Today I tried to download the CSV representation of a logged metric of a run of mine and found that the number of rows is capped at 100k. The run logged the metric every step, this is why I was expecting 300k entries.

Using the Python API also only yields 100k entries.

A few months ago I could access all 300k entries through the API. What has happened in the meantime?

Best,
Ramil

Hi @ramil , happy to help.

To further investigate the case, is it possible for you to send a link to your run where you are seeing this behavior (you can keep the project private and wandb admins can access).

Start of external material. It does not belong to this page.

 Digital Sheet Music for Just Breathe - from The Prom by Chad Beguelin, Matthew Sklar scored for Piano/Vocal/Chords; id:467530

You can also send it to us via email to support@wandb.com or in community thread.

Additionally, can you provide us code snippet of how you are trying to access all data through our API please.

Thanks.

Hi @joana-marie ,

thank you for your answer.

You can see this behavior for example for this run: Weights & Biases if you try to download the metrics “step_std”, “step_lambda”, “step_q_mean” under the tab “rollout”. Note that the metrics are called “step_” exactly because they are logged in every step of the environment.

For the API call, I was using the code snippet:

run_ids = {
‘0.8-Agent’: ‘ramil/Uncertainty_MA/85rp8ana’
}
runs = [api.run(run_id) for run_id in run_ids.values()]
metrics = [run.scan_history(page_size=1000000) for run in runs]
keys = [‘_step’, ‘Charts/episode_step’, ‘rollout/step_std’, ‘rollout/step_lambda’]
data = [[[row[key] for key in keys] for row in metric] for metric in metrics]

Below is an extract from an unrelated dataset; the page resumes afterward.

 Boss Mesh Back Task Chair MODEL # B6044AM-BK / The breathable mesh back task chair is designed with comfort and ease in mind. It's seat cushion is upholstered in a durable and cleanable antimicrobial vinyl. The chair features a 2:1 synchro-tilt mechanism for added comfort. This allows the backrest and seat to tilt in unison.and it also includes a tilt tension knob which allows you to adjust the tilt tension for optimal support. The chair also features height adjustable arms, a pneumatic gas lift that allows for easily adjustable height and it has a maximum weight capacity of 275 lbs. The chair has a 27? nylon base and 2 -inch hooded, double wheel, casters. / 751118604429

This code was working just a few months ago, now it only returns 100k entries. The entries seem to be sampled from the entirety of entries.

Thank you for your help!
Ramil

Hello @ramil , thank you for providing all the information, we will try to repo this on our end and will get back to you.

Hi @ramil , the export limits are hard coded for backend performance reasons, you will not be able to export the entire run history data to a csv or through run.history via api.

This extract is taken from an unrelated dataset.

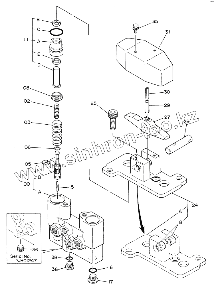 Каталог запасных частей к технике: Hitachi Компоненты EX-220. VALVE,PILOT

To access the complete run history, you must download the runs history artifact parquet file, example for 500k step run. Then for example you can use pandas to read this history.

Extract the artifact, from project above - you can try this out as it is an open public project

import wandb
run = wandb.init()
artifact = run.use_artifact('wandb-apac/csv-export-test/run-6knjjh91-history:v0', type='wandb-history')
artifact_dir = artifact.download()

Read through pandas

import pandas as pd
df = pd.read_parquet('<path to .parquet file>')
#logic to export to csv or other

Hope this help and please let me know if you have any questions.

Hi @ramil , since we have not heard back from you we are going to close this request. If you would like to re-open the conversation, please let us know!